I Just Want To Say.......

Thank you, I know I can't be the only one who feels this way but sometime it makes me feel very alone.

I recently lost my partner because I finally opened up and told him about my desires. Don't get me wrong I'm not trying to bad mouth him, but he totally flipped out and told me that I was perverted and he no longer wanted anything to do with me. After spending so many years with him it hurts, but I guess maybe its something I should have told him sooner so that so much of my heart wasnt invested in the relationship.

So now I'm a little scared that if/when I find someone new that they may react the same way.

I experienced the same, more than once, in my younger, less knowledgeable years. It was a painful learning experience. Like yourself, after years into a relationship I expressed my fantasies/desires only to be rejected. That's how I learned not to waste my time..or someone elses. Once you get to the point where sex may be a possibility express your interests/desires.
From my experience I was rejected much more than accepted but I was a male opening up to females (we all know that men are more perverted than women;)) but there are way to many men who are closed minded and unwilling to explore. Pana and I wish you the best. If you'ld like to PM us please do. Take care. :rose:
 
You are not alone in your desire for such a relationship...men as well as women seek this in a partner. I discovered, in my many years, that one must take the first step in opening such a relationship. Don't fear doing so for if you are with the right person they will respond positively...and will do so quickly.

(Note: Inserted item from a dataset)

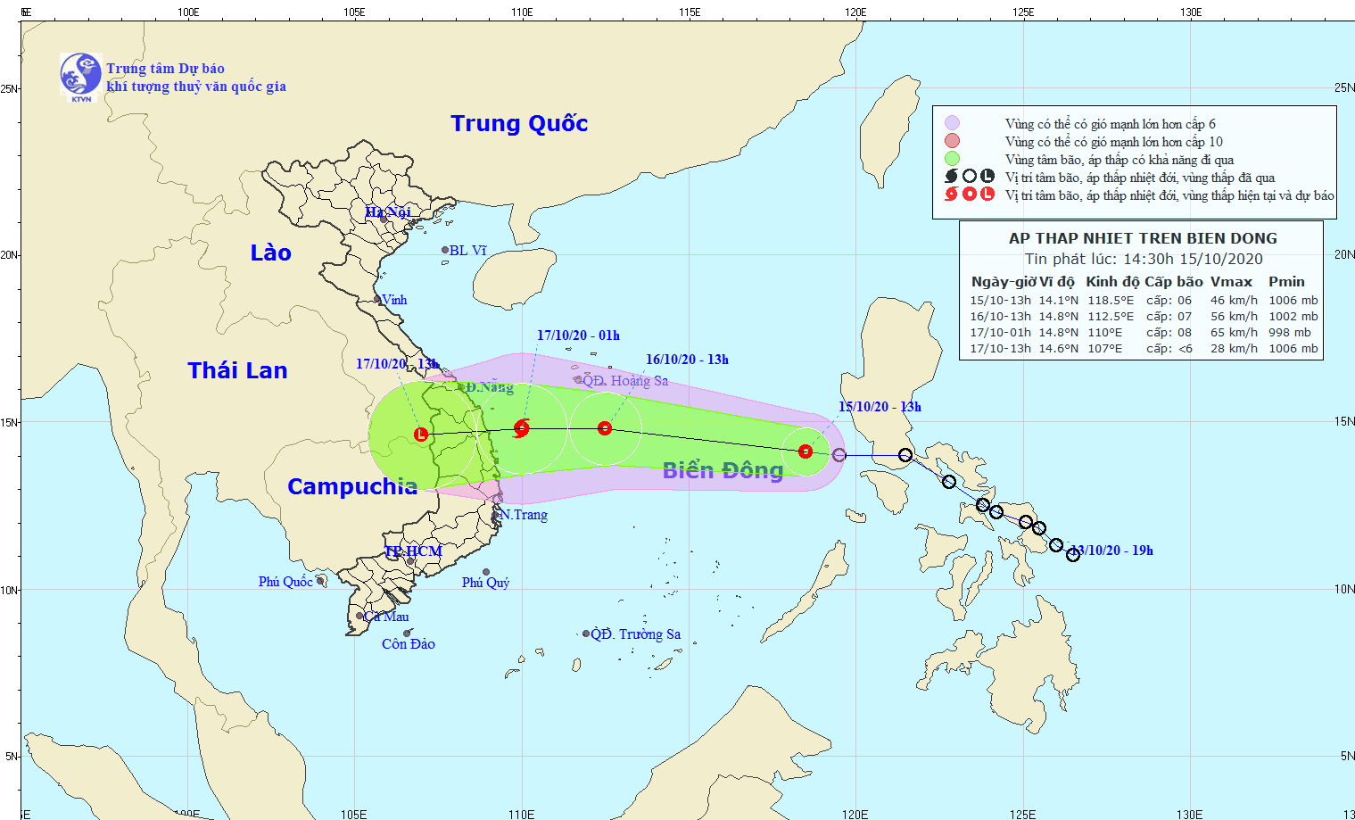 Theo bản tin của Trung tâm Dự báo Khí tượng thủy văn Quốc gia, một áp thấp nhiệt đới (ATNĐ) đang hoạt động trên biển Đông. Hồi 13h00 ngày 15/10, vị trí tâm ATNĐ ở vào khoảng 14,1 độ Vĩ Bắc; 118,5 độ Kinh Đông, sức gió mạnh nhất vùng gần tâm ATNĐ mạnh cấp 6, giật cấp 8. Dự báo trong 24 giờ tới, ATNĐ di chuyển nhanh theo hướng Tây Tây Bắc, mỗi giờ đi được khoảng 25km; trong 24-36 giờ tiếp theo, ATNĐ di chuyển theo hướng Tây, mỗi giờ đi được 20-25km và có khả năng mạnh lên thành bão.

Love means holding hands and hearts. Love is trust.

Know me, love me, hold me then you can experience me. :heart:

*nods*.......:cool:
 
Thank you, I know I can't be the only one who feels this way but sometime it makes me feel very alone.

I recently lost my partner because I finally opened up and told him about my desires. Don't get me wrong I'm not trying to bad mouth him, but he totally flipped out and told me that I was perverted and he no longer wanted anything to do with me. After spending so many years with him it hurts, but I guess maybe its something I should have told him sooner so that so much of my heart wasnt invested in the relationship.

So now I'm a little scared that if/when I find someone new that they may react the same way.

You're not the only one.......we all find ourselves here......in this place full of desire and in the hope we will find the "one"........many never do......and some after long relationships filled with disappointment and heart ache find that special someone......at least you know who you are and what you want......... and need........good for you.......:)
 
You're not the only one.......we all find ourselves here......in this place full of desire and in the hope we will find the "one"........many never do......and some after long relationships filled with disappointment and heart ache find that special someone......at least you know who you are and what you want......... and need........good for you.......:)


Thank you, everyone deserves to find that one who accepts and loves them for everything they are...to have that happiness and trust. Unfortunantly some just become too... heartbroken at being let down time and again, to continue to try.

I realize now that, I am happy with who I am and know well what I want and need and hell if I'm going to hide it for so long again.

Thank you ALL for listening and helping its made me feel much better about the situation. :)
 
I had to share ...

you asked waaay back in the begining of the thread what we want and desire.

I want a man or a woman (or maybe even both) who I cant trust enough to share my deepest fantasies and desires with and not have them treat me badly because I want something they may not.

Someone who appreciates me for more than my body or just a quick roll in the sheets (although a quick roll isnt bad once in a while either).

After reading your post I finely realized I found this type of person many years ago. Sadly because I was immature (mid 20's) and did not realize it I lost her.

I would recommend that when you find such a person that you do everything in your power to hold on.